Why anyone would want to partake of such experiences I cannot understand. If I were Superman and I knew with absolute certainty I could never get hurt I still wouldn't care to know what it felt like to drive a car into a tree or get shot in the face. I wouldn't care to know what it was like to drown or get exploded. I wouldn't care to know what it was like to live in poverty on the streets, or for that matter what it would be like to live in a mansion eating lobster every day.

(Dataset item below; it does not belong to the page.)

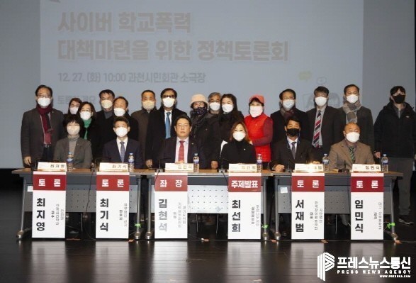[프레스뉴스] 김대일 기자= 경기도의회 기획재정위원회 김현석 의원(국민의힘, 과천)이 좌장을 맡은「사이버 학교폭력 대책마련을 위한 정책토론회」이 27일(화) 과천시민회관 소극장에서 개최됐다. 경기도와 경기도의회가 공동으로 주최하는 ‘2022경기도정책토론대축제’ 일환으로 열린, 이번 토론회는 사이버 학교폭력의 현황을 파악하고, 그에 따른 효과적인 대책 방안을 논의할 필요성이 대두됨에 따라 마련됐다.

The new system is very distasteful and reeks of wish fulfillment. Imagine a group of souls floating around planning their next life together. One soul says to the others "I'll be the child and you'll be my parents. At age five, no four and a half, I'll get cancer and die and break your hearts. Then, fifty years of misery later, you'll die and we'll meet up back here and I'll point and laugh and say 'fooled ya!' Then, the next go around I'll be the parent and you two can be the children who die. It will be rousing great fun!" The idea infuriates me, to be honest. I think that's much worse than the materialist idea that when you're dead you're dead and there's no justice. I would much rather live in a universe where life is ultimately meaningless and there is no afterlife than have a universe where the Nazis made an agreement with the millions of people murdered in the Holocaust that the whole thing would be staged just to see what it would be like to gas eleven million people. Admittedly the grotesquery of such a scenario is not evidence that it is not true in itself, but it does not help the case either.

It is also not helped by the types of evidence that are available to support either system. The old system, which recapitulates everything we know from earthly psychology, is attested to through near death experiences that reveal our mental state and personalities are pretty much the same after death as before, and through spontaneously remembered past lives of children that often turn out to be phenomenally accurate when later investigated. Enlightened sages also attest to the veracity of the old system through the remembrance of their past lives.

The primary evidence for the new system is through hypnosis of adults, that sometimes does produce highly accurate results (which could be more akin to a form of remote viewing), but a lot of times these memories are false, crafted by the imagination of the subject and the leading of the hypnotist. The new system is also, sometimes, attested to by channeled material, but by no means all. Some channeled material flatly denies the existence of reincarnation, other spirits admit they don't know, and some affirm the old system. The spirits that talk about group souls, of instant enlightenment following death, of coming to Earth to experience things no sane person would ever want to experience such as disease, disasters, and war, and flat out deny the existence of good and evil, seem to me to be lower spirits. Whether malicious or simply tricksters (like Internet trolls of the spirit world), they will say whatever gets them the most attention, and earthly interlocutors receiving confirmation of their desires pass it along in books that say you can literally create your reality and that morality is for squares. As John admonishes in his first epistle, we are to test the spirits to see if they are of God. Anyone from the other side can say they are advanced spirits with brilliant insight into the workings of the universe, and that is why we must use our reason and intelligence to see if what they say makes sense.

In the light of the evidence and the moral implications I would have to say that if reincarnation does exist it seems far more likely that the old system with a gradual progression from ignorance to perfection is correct.